This is little bit above ny head but will try: Have you encountered: "error message *** caught segfault *** address (nil), cause 'memory not mapped' " before? This happens what I assume to be a memory related issue. Am running rxsolve() as part of a shiny app on shinyapps.io with 8GB RAM as:

diffeqs<-rxode2(model="cp<-cent/((1.75*pow(weight/2.9,1))exp(vc))FREE;d/dt(cent)<--((0.345pow(weight/2.9,0.75)(1/(1+pow(AGE/34.8,-4.53)))*pow(1/creatinine,0.267))exp(cl))/((1.75pow(weight/2.9,1))*exp(vc))*cent;cent(0)=0;")
plist is a data.frame of 2000 rows with all parameters needed in the model
forceData is a relevant even table with weight and creatinine as a time dependent variable added
modelout <-rxSolve(diffeqs,plist,forceData,maxsteps = 5000000L,method = c("lsoda"))
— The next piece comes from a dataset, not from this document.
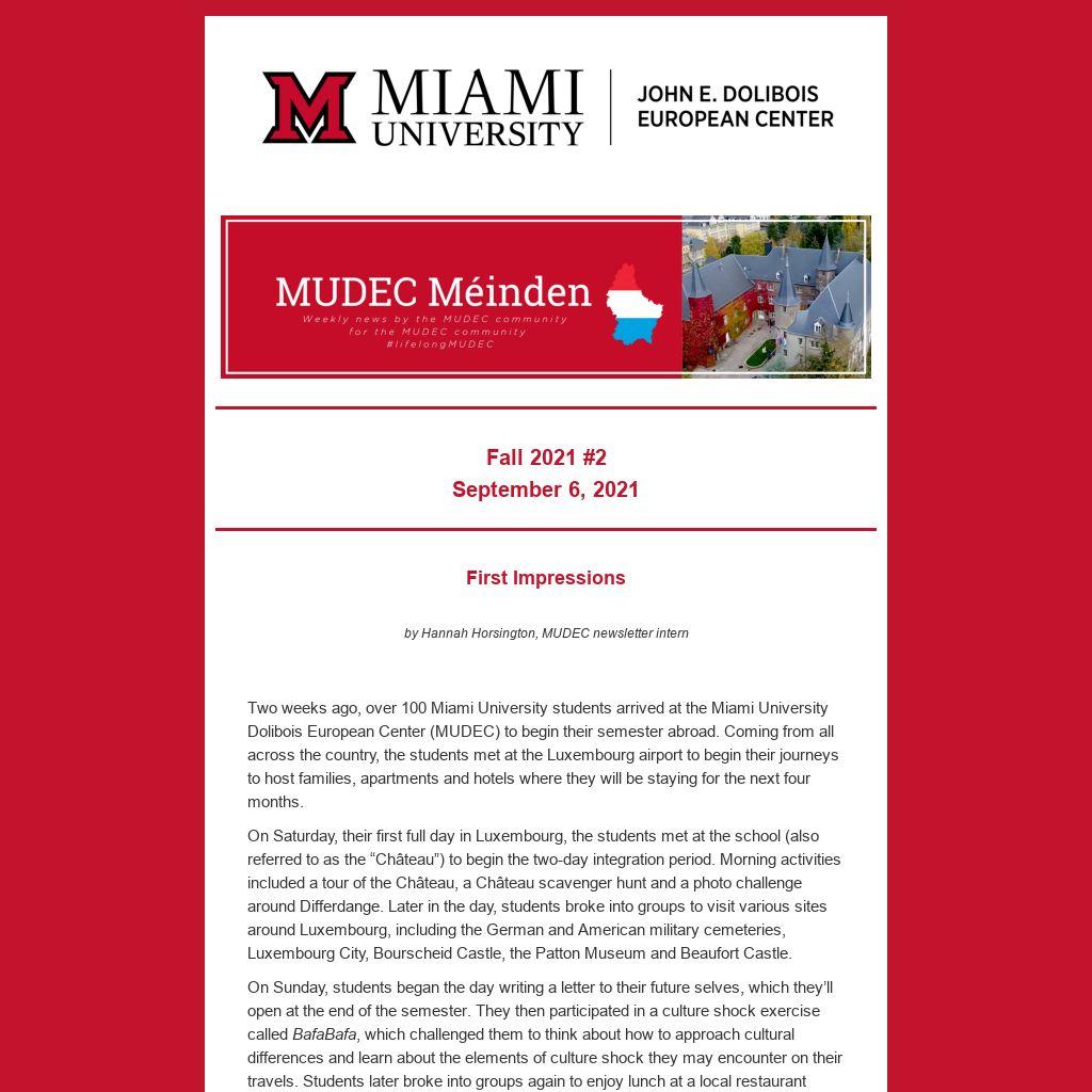 Two weeks ago, over 100 Miami University students arrived at the Miami University Dolibois European Center (MUDEC) to begin their semester abroad. Coming from all across the country, the students met at the Luxembourg airport to begin their journeys to host families, apartments and hotels where they will be staying for the next four months.

can provide more info on sim routine if needed...when running it the system does not crash to about the 3rd repeated run? Reading some of the blogs by Matt it seems when supplying all parameters to rxSolve then some sort of memory allocation happens? So I wonder that if it is possible somehow to "reset" after each sim run the system to baseline, ie prior to memory allocation, assuming my thinking is correct? I have attached the log file if you find it helpful at the time of crash....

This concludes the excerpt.